Copy exactly the lines of the data below, beginning with the line with "6层要一次过,第一次破核后伤害巨高,满盾迪蒙几针就被扎死了(๑ŏ ω ŏ๑)。" and ending with the line with "キルティング面はグリーンをベ". Pictures are to be omitted.
-------- Supplied records
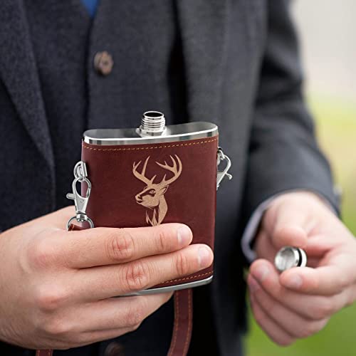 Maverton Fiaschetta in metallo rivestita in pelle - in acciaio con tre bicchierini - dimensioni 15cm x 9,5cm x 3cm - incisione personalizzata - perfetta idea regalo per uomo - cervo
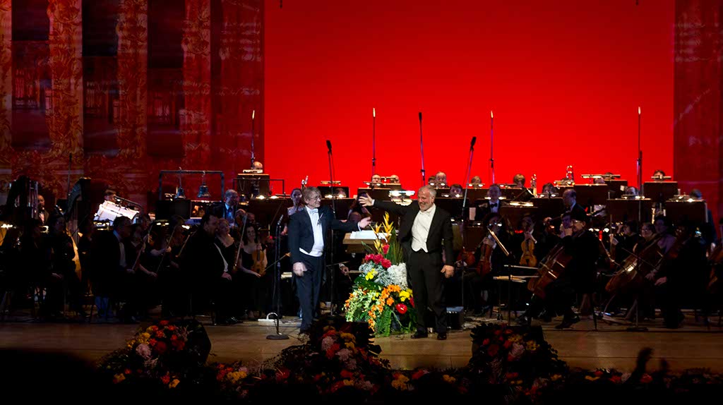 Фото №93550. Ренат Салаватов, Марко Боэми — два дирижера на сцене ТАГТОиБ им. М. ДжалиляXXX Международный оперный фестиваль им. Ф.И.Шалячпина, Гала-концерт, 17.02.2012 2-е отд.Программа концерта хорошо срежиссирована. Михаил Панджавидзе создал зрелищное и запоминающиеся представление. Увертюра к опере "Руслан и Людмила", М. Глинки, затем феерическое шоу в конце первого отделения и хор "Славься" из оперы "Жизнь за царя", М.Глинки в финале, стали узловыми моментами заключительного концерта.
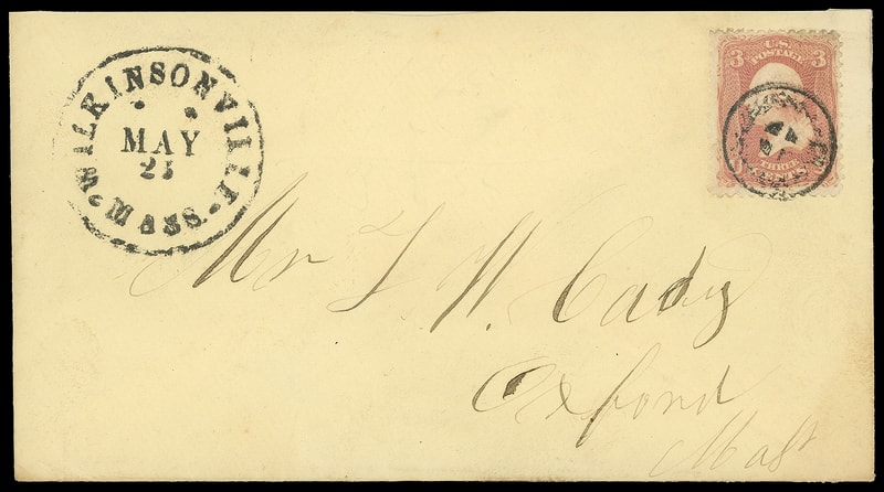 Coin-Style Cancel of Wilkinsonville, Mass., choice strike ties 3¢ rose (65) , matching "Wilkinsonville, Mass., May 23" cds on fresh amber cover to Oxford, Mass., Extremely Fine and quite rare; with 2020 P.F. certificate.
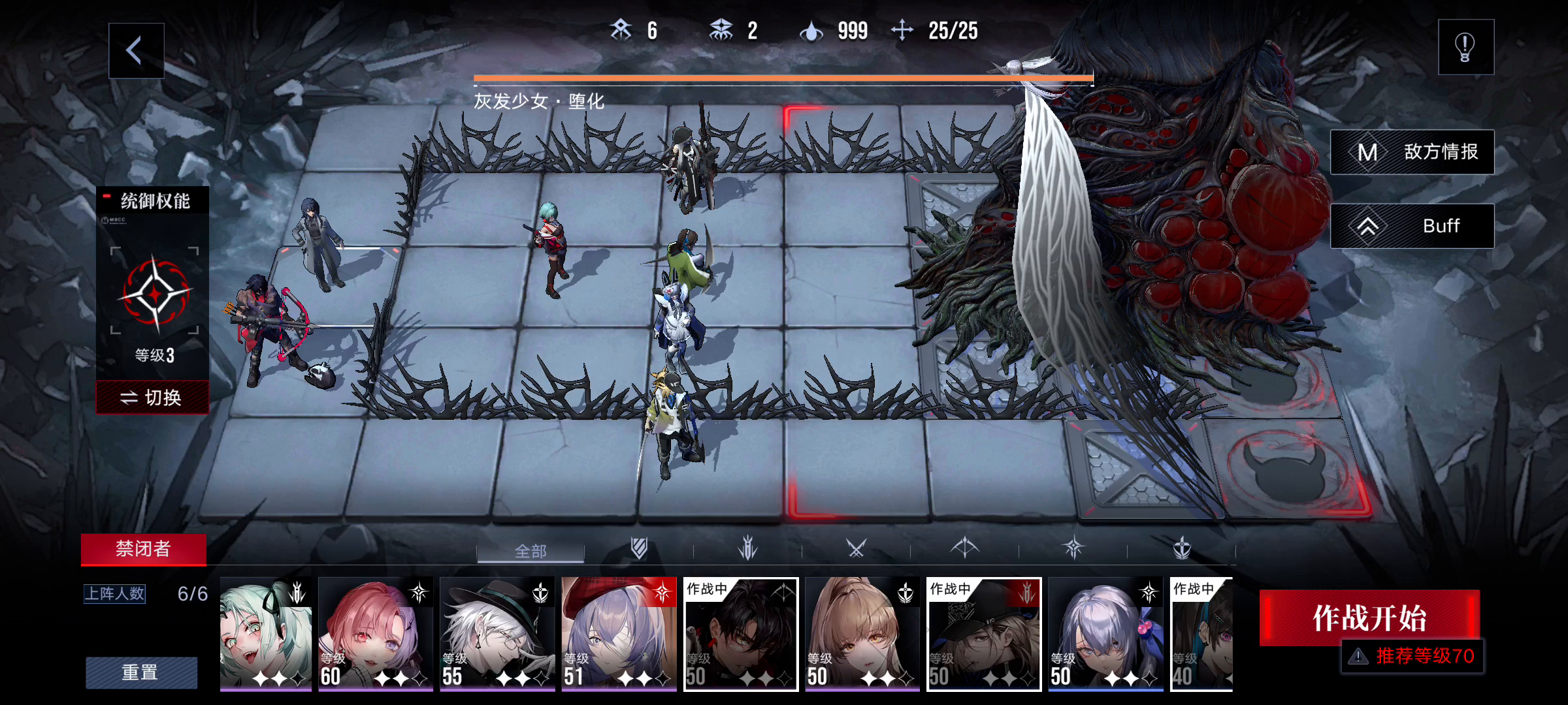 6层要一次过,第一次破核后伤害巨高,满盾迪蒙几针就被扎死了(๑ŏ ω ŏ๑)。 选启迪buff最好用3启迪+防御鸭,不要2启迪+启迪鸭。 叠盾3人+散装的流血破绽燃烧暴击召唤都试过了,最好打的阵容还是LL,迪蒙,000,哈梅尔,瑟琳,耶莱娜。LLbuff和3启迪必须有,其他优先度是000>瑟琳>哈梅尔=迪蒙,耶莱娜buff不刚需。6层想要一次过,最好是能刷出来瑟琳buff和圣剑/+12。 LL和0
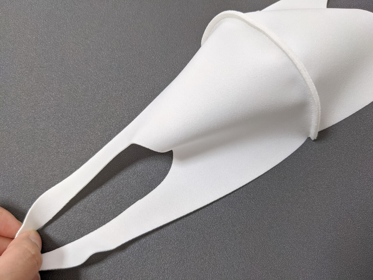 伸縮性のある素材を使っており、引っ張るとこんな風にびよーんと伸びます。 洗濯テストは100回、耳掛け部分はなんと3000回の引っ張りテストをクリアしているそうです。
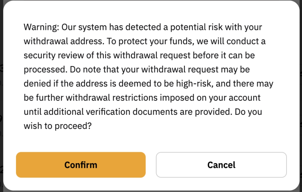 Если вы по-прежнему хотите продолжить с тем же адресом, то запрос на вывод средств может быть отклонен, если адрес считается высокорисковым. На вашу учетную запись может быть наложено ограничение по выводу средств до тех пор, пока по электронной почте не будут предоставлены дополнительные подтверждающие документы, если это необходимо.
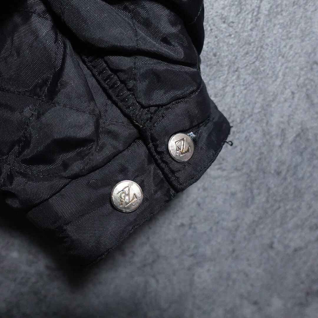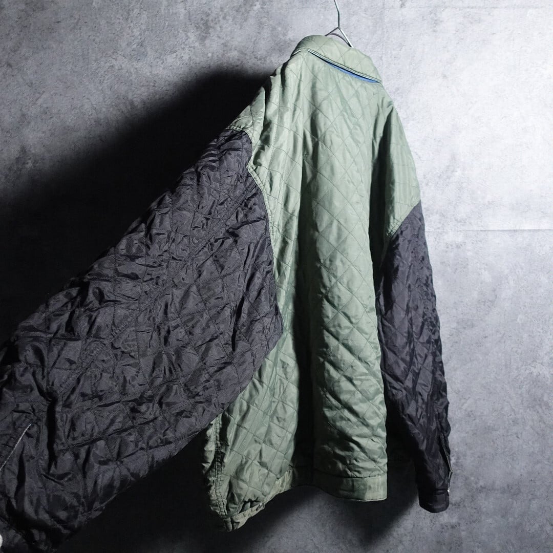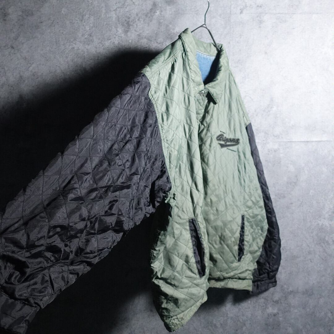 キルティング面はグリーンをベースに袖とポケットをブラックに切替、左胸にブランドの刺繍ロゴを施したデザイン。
----------------
-------- Supplied records
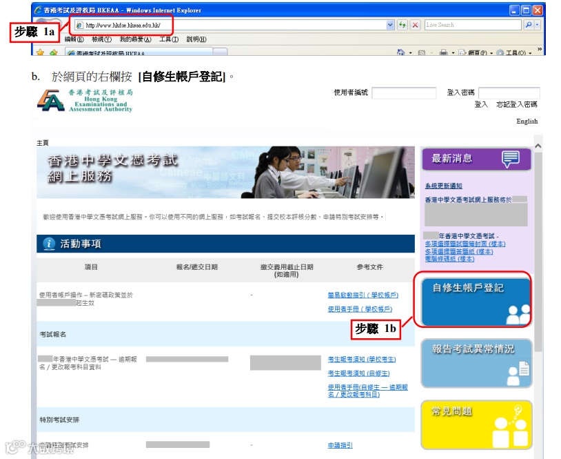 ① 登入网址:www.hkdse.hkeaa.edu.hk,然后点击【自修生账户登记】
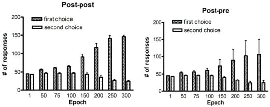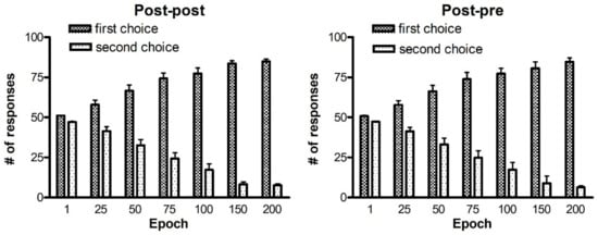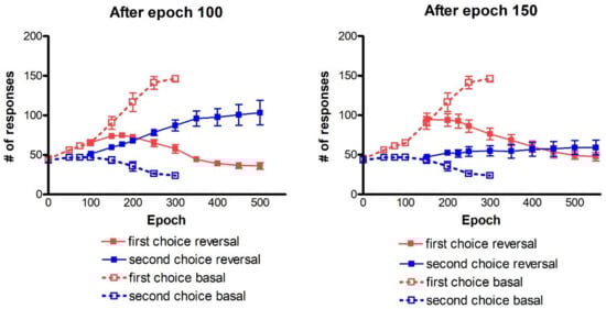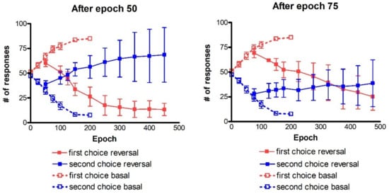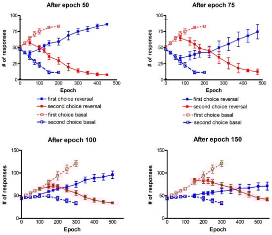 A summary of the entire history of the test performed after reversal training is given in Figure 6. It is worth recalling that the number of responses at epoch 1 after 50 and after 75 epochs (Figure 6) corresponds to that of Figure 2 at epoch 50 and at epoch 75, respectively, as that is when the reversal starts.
----------------
* _Result_
 6层要一次过,第一次破核后伤害巨高,满盾迪蒙几针就被扎死了(๑ŏ ω ŏ๑)。 选启迪buff最好用3启迪+防御鸭,不要2启迪+启迪鸭。 叠盾3人+散装的流血破绽燃烧暴击召唤都试过了,最好打的阵容还是LL,迪蒙,000,哈梅尔,瑟琳,耶莱娜。LLbuff和3启迪必须有,其他优先度是000>瑟琳>哈梅尔=迪蒙,耶莱娜buff不刚需。6层想要一次过,最好是能刷出来瑟琳buff和圣剑/+12。 LL和0
 伸縮性のある素材を使っており、引っ張るとこんな風にびよーんと伸びます。 洗濯テストは100回、耳掛け部分はなんと3000回の引っ張りテストをクリアしているそうです。
 Если вы по-прежнему хотите продолжить с тем же адресом, то запрос на вывод средств может быть отклонен, если адрес считается высокорисковым. На вашу учетную запись может быть наложено ограничение по выводу средств до тех пор, пока по электронной почте не будут предоставлены дополнительные подтверждающие документы, если это необходимо.
 キルティング面はグリーンをベースに袖とポケットをブラックに切替、左胸にブランドの刺繍ロゴを施したデザイン。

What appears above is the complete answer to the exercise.